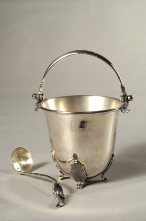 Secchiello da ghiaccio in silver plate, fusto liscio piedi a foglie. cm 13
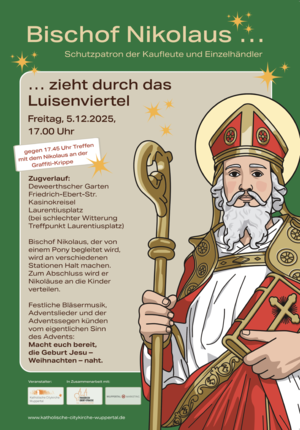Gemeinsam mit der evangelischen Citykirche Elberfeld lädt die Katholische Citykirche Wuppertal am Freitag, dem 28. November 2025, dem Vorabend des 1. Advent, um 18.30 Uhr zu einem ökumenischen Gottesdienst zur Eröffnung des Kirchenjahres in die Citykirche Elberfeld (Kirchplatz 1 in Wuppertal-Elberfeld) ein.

...

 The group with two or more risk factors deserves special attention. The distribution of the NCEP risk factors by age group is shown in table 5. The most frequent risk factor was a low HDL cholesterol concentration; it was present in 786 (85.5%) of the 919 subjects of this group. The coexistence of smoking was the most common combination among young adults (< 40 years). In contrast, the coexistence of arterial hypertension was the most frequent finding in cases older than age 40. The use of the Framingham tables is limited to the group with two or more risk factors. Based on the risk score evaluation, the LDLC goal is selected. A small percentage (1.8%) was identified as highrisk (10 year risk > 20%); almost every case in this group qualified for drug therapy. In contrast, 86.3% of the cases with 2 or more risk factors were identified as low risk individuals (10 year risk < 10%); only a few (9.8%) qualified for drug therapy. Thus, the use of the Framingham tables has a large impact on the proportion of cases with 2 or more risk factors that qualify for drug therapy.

ACTIVITY:
What is needed is an exact copy of only the lines above from the one with "Secchiello da ghiaccio" to the one with "Gemeinsam mit der", both kept, with every picture left out.

TASK OUTPUT:
 Secchiello da ghiaccio in silver plate, fusto liscio piedi a foglie. cm 13
Gemeinsam mit der evangelischen Citykirche Elberfeld lädt die Katholische Citykirche Wuppertal am Freitag, dem 28. November 2025, dem Vorabend des 1. Advent, um 18.30 Uhr zu einem ökumenischen Gottesdienst zur Eröffnung des Kirchenjahres in die Citykirche Elberfeld (Kirchplatz 1 in Wuppertal-Elberfeld) ein.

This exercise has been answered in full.